Why companies should use quantitative modelling for cyber risk

Last week the Australian Federal government announced a $1.67 billion investment in a number of initiatives aimed at enhancing the country’s cyber security over the next decade. The recent cyber attacks carried out by a ‘sophisticated state-based-cyber-actor’ targeted multiple Australian organisations across a range of sectors. The incidents and investments show that Australians know that cyber attacks present a real risk and cost of doing business.

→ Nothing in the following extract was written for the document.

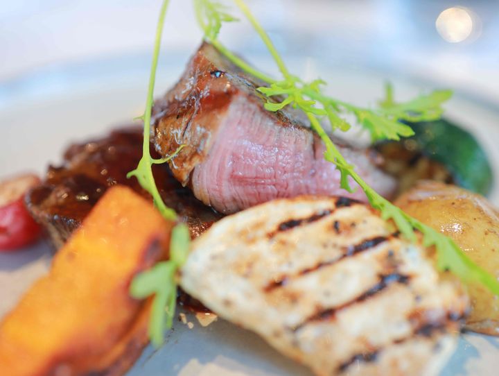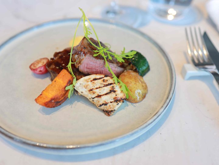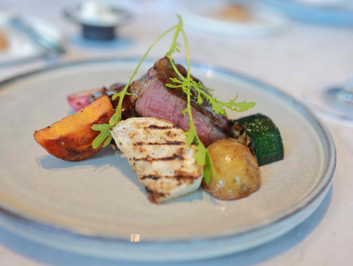 メインには、セットに2,000円を追加して「国産ホルスタインビーフフィレのチャーグリル アーストゥテーブルの有機野菜 うまみジュ × トリュフディジョン」をオーダー。香ばしくグリルされた彩り豊かな野菜に囲まれ、中央に堂々と盛り付けられた厚みのあるビーフフィレは、思わず心を奪われる存在感です。
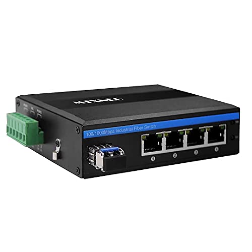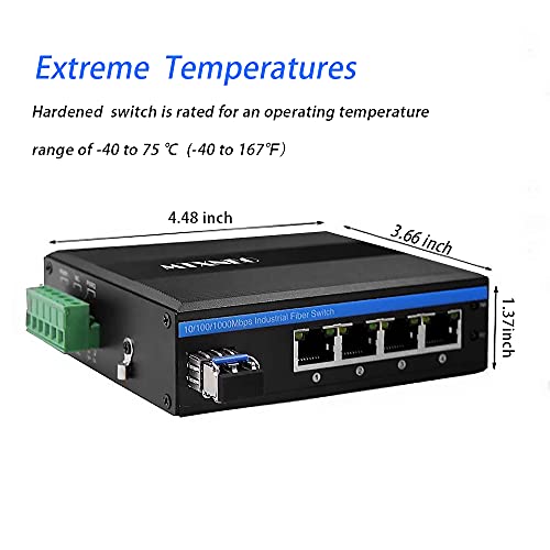 Che cosa otterrete. 1 x Mini (4,48 x 3,66 x 3,66 x 3,37 pollici), commutatore a binario DIN gigabit industriale, indurito a 5 porte, con trasmettitore SFP e un manuale di utilizzo;

In June last year, the Australian Prudential Regulation Authority (APRA) released a new prudential standard and updated guidance in relation to information security across all APRA-regulated industries. The aim was to help regulated financial services entities manage their cyber security risk. The final section in the document gave information on ‘Common metrics reported to Boards and management.’ What was particularly interesting is that none of the 30+ metrics specified risk in terms of a dollar loss, with the exception of measuring ‘post-compromise’ customer losses.

APRA also mandates capital requirements for banks, in order to protect depositors from the risk of a bank becoming insolvent. Banks must model their exposure to market risk, and communicate in real dollar terms how much they could lose on a given day. Insolvency risk and cyber risk both have significant potential financial impacts. But the methods and metrics to report risk for each are quite different.

Common reporting mechanisms for cyber risk include heatmaps with ‘high’, ‘medium’ and ‘low’ ratings for risk, or a scoring that allows comparison against peer organisations:

A fictional (although not unrealistic) cyber risk report

A fictional (although not unrealistic) cyber risk report

Why risk matrices and ‘maturity scores’ should be avoided

While these attempts to model cyber risks are a step in the right direction, risk matrices and cyber maturity scores have some serious limitations. To illustrate, suppose a CEO is shown a chart like the one above and asks their information security department the following questions:

  • If we have $100,000 to invest in improving our security position, should we aim to reduce the yellow risk to a green? How do we know that we’re getting a positive return for our investment?

  • How likely is it that we lose $50,000 due to a cyber attack this year? What’s the chance of losing more than $1 million?

  • What does the 3.1 score tell me? Is my company more likely to suffer a data breach than my competitors? Will I lose more money than my competitors if we do get hacked?

  • Should we spend $20,000 per year on cyber insurance, or invest $150,000 in a one-off cyber security enhancement project?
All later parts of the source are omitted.